● Data for this exercise
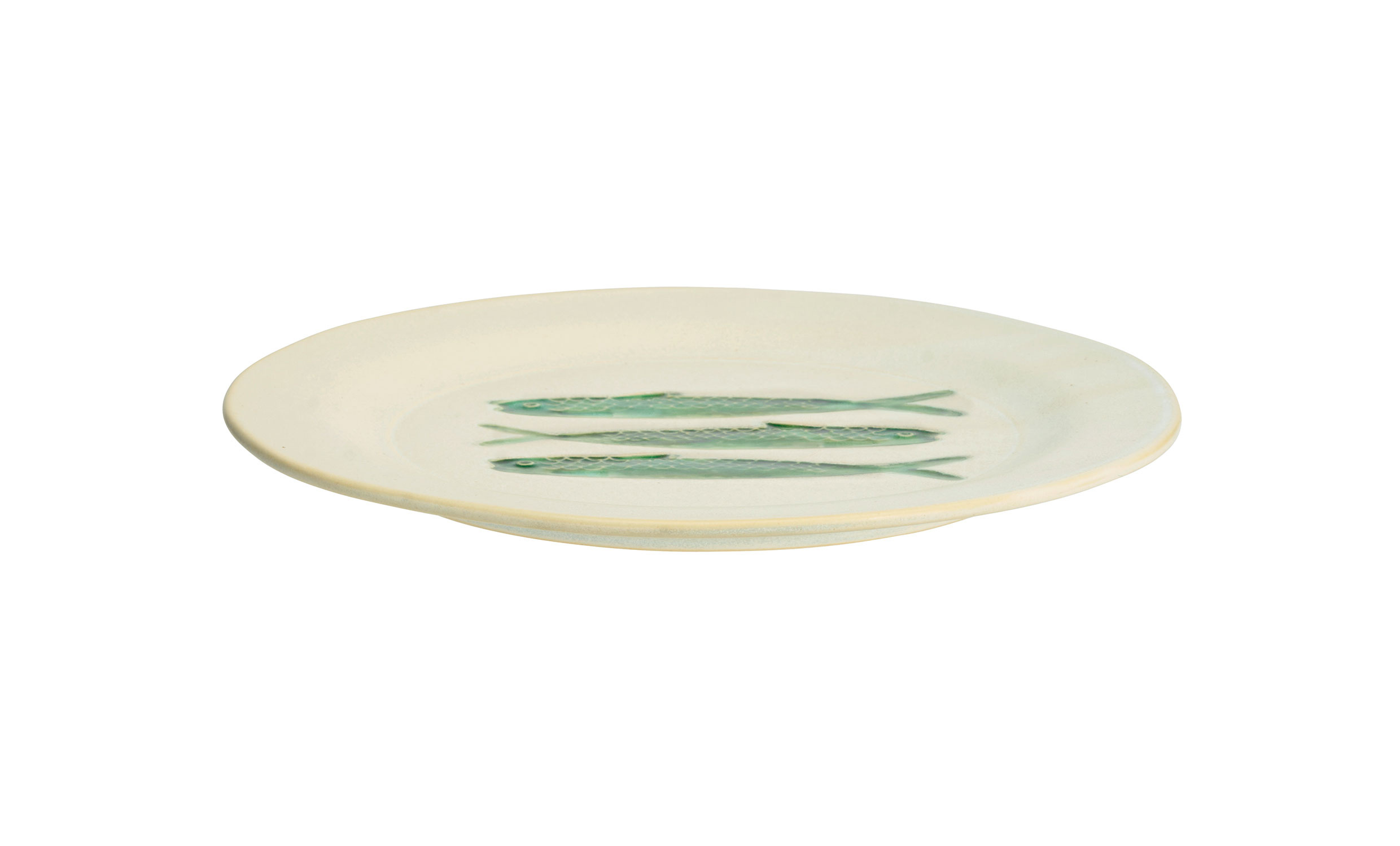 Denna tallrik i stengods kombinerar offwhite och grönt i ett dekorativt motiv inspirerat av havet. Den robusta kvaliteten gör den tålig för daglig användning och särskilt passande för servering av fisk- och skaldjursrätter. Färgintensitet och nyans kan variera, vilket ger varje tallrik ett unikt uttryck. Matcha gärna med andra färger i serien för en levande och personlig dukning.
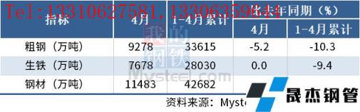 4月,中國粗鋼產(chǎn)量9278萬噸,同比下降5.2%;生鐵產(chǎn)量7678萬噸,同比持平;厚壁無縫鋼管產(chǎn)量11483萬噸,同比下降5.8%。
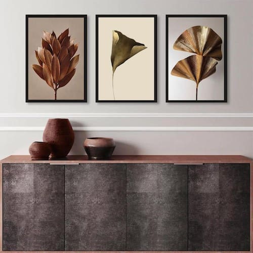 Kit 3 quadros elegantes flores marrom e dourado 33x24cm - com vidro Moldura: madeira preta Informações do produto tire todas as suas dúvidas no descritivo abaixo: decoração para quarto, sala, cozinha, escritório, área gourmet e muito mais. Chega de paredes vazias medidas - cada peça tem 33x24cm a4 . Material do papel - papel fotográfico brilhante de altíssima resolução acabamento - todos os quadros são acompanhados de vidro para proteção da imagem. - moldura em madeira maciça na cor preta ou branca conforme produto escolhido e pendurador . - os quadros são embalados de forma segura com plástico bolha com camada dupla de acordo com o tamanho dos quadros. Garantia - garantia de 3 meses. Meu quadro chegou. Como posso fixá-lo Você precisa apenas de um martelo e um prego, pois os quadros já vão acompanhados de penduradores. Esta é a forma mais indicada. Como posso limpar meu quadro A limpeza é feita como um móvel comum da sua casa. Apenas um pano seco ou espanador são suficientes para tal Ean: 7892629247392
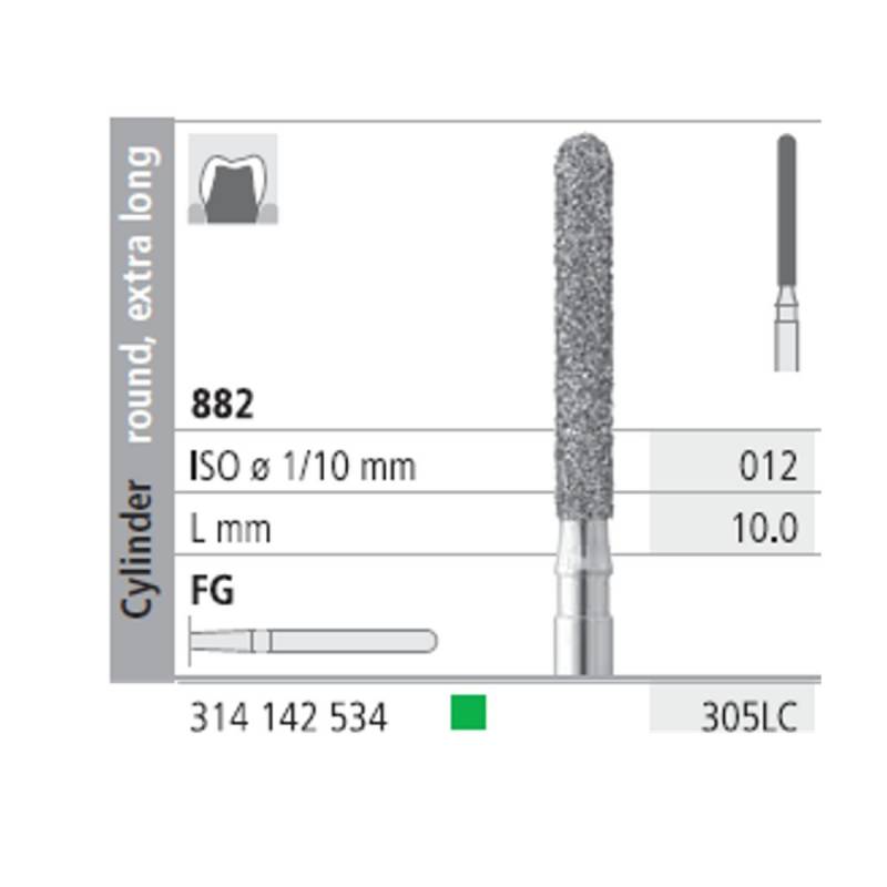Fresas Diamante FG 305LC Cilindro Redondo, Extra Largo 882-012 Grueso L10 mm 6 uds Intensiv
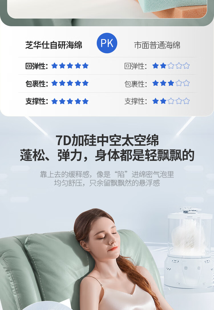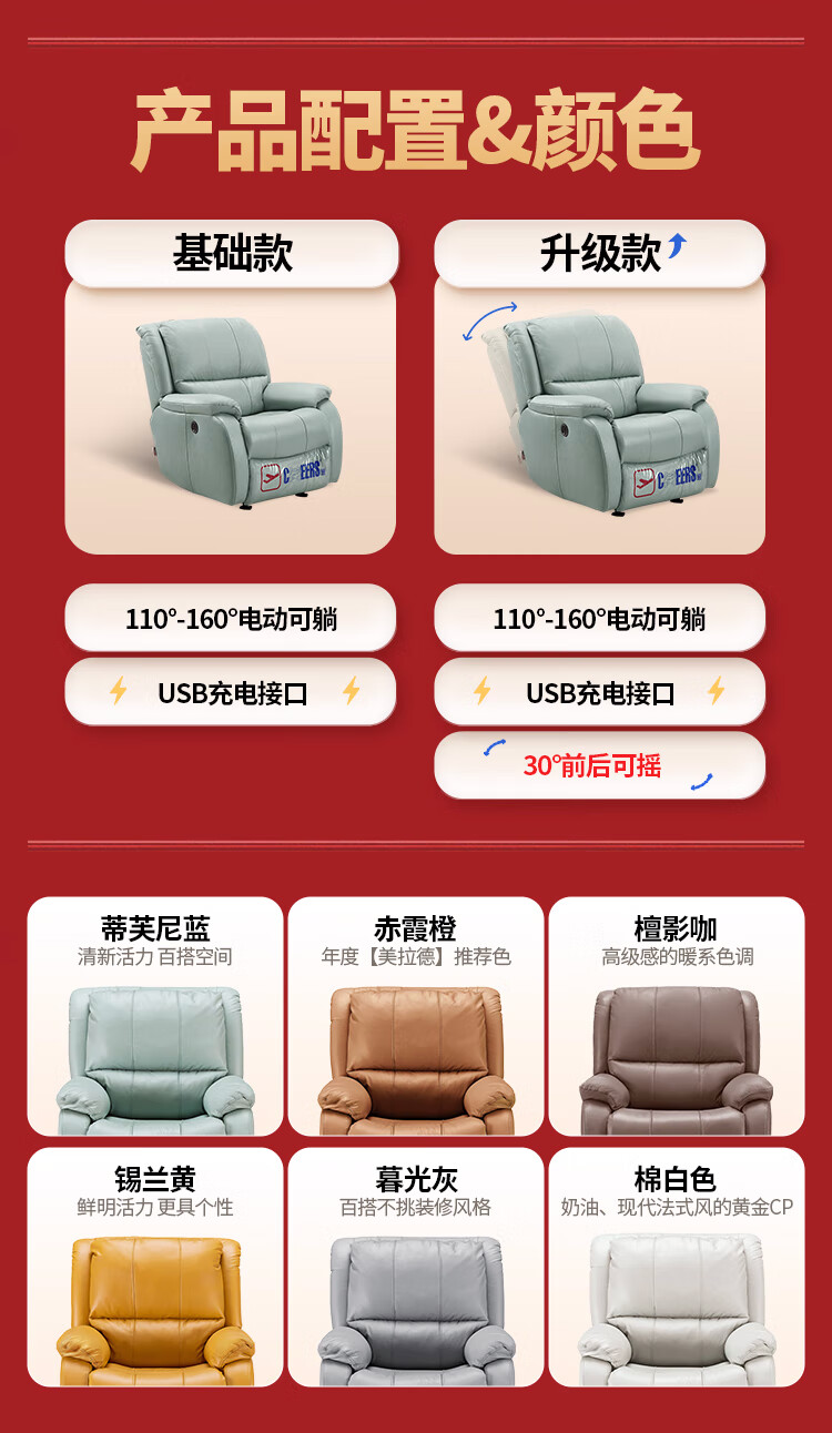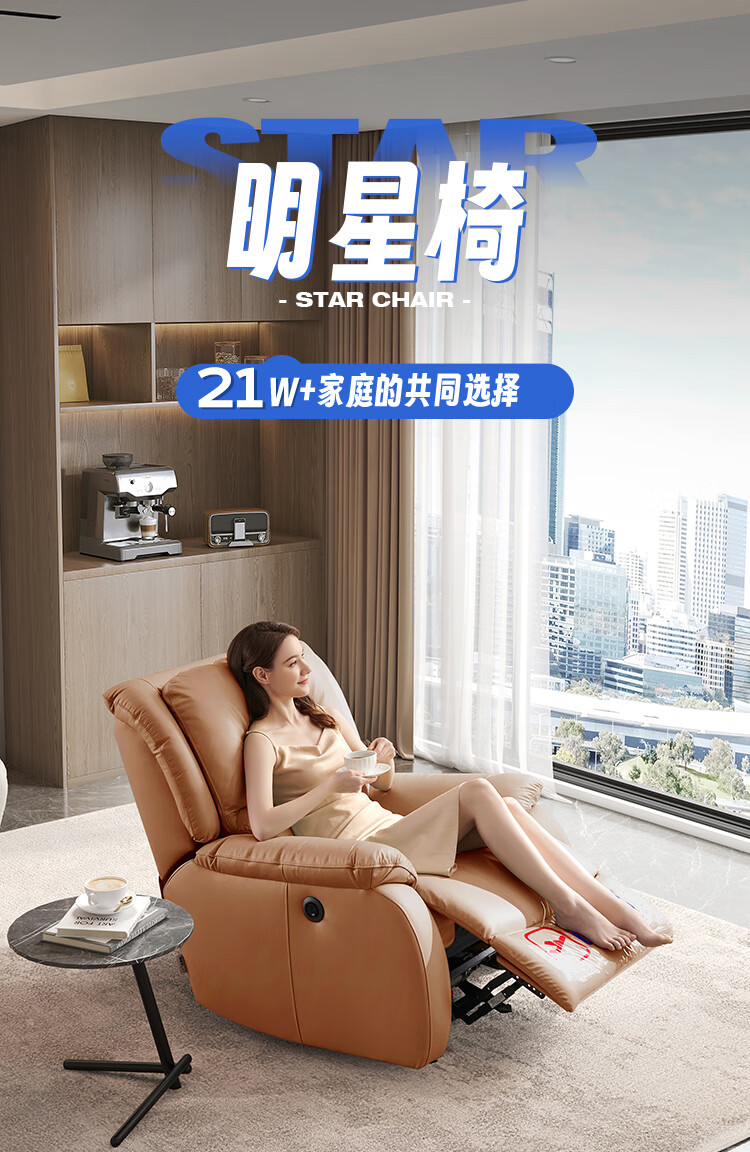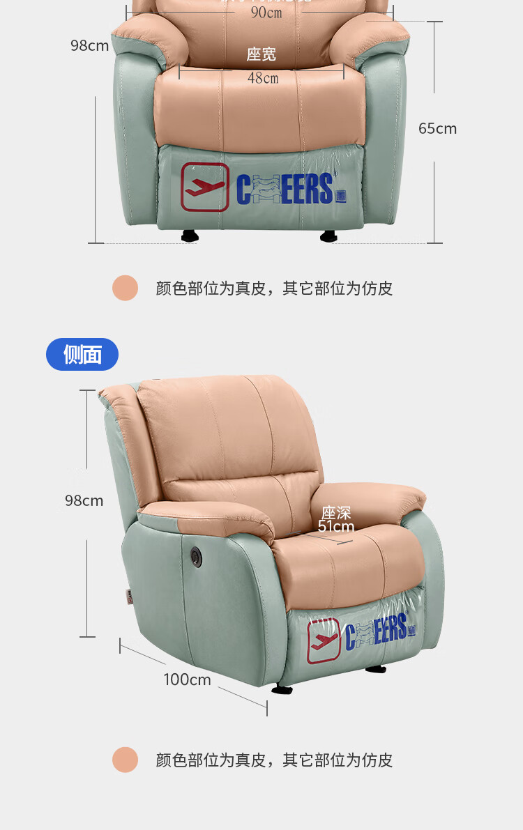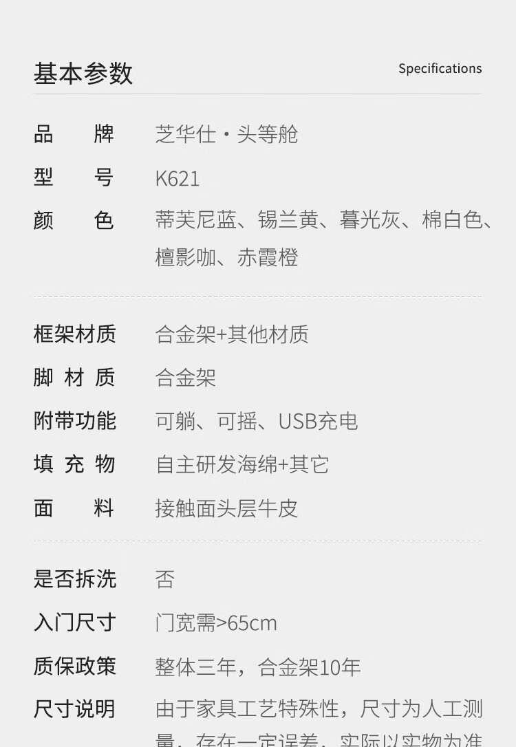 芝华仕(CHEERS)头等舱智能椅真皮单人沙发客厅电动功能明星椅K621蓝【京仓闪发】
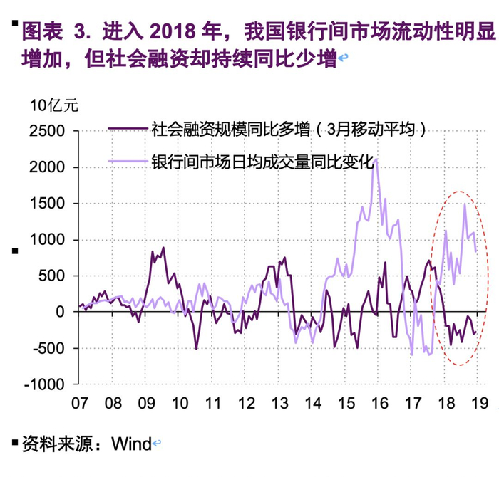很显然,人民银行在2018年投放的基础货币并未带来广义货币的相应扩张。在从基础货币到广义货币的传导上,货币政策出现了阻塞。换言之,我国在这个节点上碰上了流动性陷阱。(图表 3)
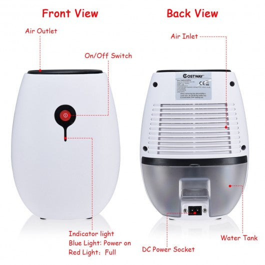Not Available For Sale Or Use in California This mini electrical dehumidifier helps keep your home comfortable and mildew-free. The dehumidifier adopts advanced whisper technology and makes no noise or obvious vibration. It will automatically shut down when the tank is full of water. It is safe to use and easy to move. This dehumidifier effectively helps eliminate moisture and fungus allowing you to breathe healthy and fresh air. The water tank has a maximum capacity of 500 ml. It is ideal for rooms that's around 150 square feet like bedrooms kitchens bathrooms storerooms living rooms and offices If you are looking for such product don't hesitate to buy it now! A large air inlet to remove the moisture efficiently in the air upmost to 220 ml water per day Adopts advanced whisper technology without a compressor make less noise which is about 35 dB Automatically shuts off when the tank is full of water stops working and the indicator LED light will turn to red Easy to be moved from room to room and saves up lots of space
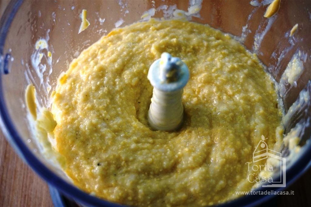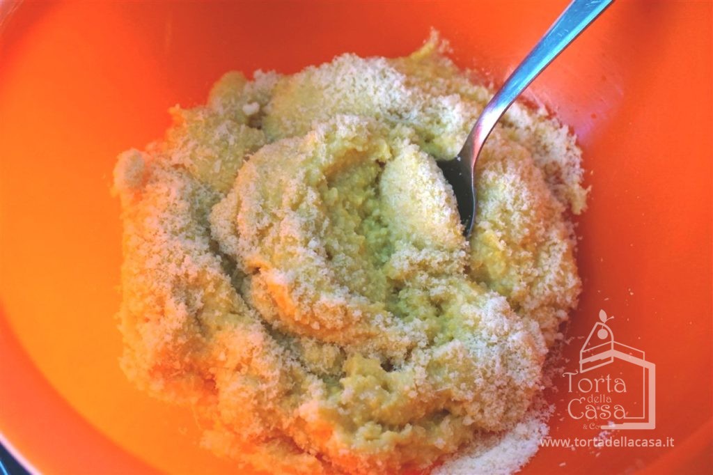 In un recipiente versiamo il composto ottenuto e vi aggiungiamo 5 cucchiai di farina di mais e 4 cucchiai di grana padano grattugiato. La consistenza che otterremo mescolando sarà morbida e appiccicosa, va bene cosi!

● About this exercise
The records above are to be quoted exactly, with all pictures left out.

● Final answer
 Denna tallrik i stengods kombinerar offwhite och grönt i ett dekorativt motiv inspirerat av havet. Den robusta kvaliteten gör den tålig för daglig användning och särskilt passande för servering av fisk- och skaldjursrätter. Färgintensitet och nyans kan variera, vilket ger varje tallrik ett unikt uttryck. Matcha gärna med andra färger i serien för en levande och personlig dukning.
 4月,中國粗鋼產(chǎn)量9278萬噸,同比下降5.2%;生鐵產(chǎn)量7678萬噸,同比持平;厚壁無縫鋼管產(chǎn)量11483萬噸,同比下降5.8%。
 Kit 3 quadros elegantes flores marrom e dourado 33x24cm - com vidro Moldura: madeira preta Informações do produto tire todas as suas dúvidas no descritivo abaixo: decoração para quarto, sala, cozinha, escritório, área gourmet e muito mais. Chega de paredes vazias medidas - cada peça tem 33x24cm a4 . Material do papel - papel fotográfico brilhante de altíssima resolução acabamento - todos os quadros são acompanhados de vidro para proteção da imagem. - moldura em madeira maciça na cor preta ou branca conforme produto escolhido e pendurador . - os quadros são embalados de forma segura com plástico bolha com camada dupla de acordo com o tamanho dos quadros. Garantia - garantia de 3 meses. Meu quadro chegou. Como posso fixá-lo Você precisa apenas de um martelo e um prego, pois os quadros já vão acompanhados de penduradores. Esta é a forma mais indicada. Como posso limpar meu quadro A limpeza é feita como um móvel comum da sua casa. Apenas um pano seco ou espanador são suficientes para tal Ean: 7892629247392
Fresas Diamante FG 305LC Cilindro Redondo, Extra Largo 882-012 Grueso L10 mm 6 uds Intensiv
 芝华仕(CHEERS)头等舱智能椅真皮单人沙发客厅电动功能明星椅K621蓝【京仓闪发】
很显然,人民银行在2018年投放的基础货币并未带来广义货币的相应扩张。在从基础货币到广义货币的传导上,货币政策出现了阻塞。换言之,我国在这个节点上碰上了流动性陷阱。(图表 3)
Not Available For Sale Or Use in California This mini electrical dehumidifier helps keep your home comfortable and mildew-free. The dehumidifier adopts advanced whisper technology and makes no noise or obvious vibration. It will automatically shut down when the tank is full of water. It is safe to use and easy to move. This dehumidifier effectively helps eliminate moisture and fungus allowing you to breathe healthy and fresh air. The water tank has a maximum capacity of 500 ml. It is ideal for rooms that's around 150 square feet like bedrooms kitchens bathrooms storerooms living rooms and offices If you are looking for such product don't hesitate to buy it now! A large air inlet to remove the moisture efficiently in the air upmost to 220 ml water per day Adopts advanced whisper technology without a compressor make less noise which is about 35 dB Automatically shuts off when the tank is full of water stops working and the indicator LED light will turn to red Easy to be moved from room to room and saves up lots of space
 In un recipiente versiamo il composto ottenuto e vi aggiungiamo 5 cucchiai di farina di mais e 4 cucchiai di grana padano grattugiato. La consistenza che otterremo mescolando sarà morbida e appiccicosa, va bene cosi!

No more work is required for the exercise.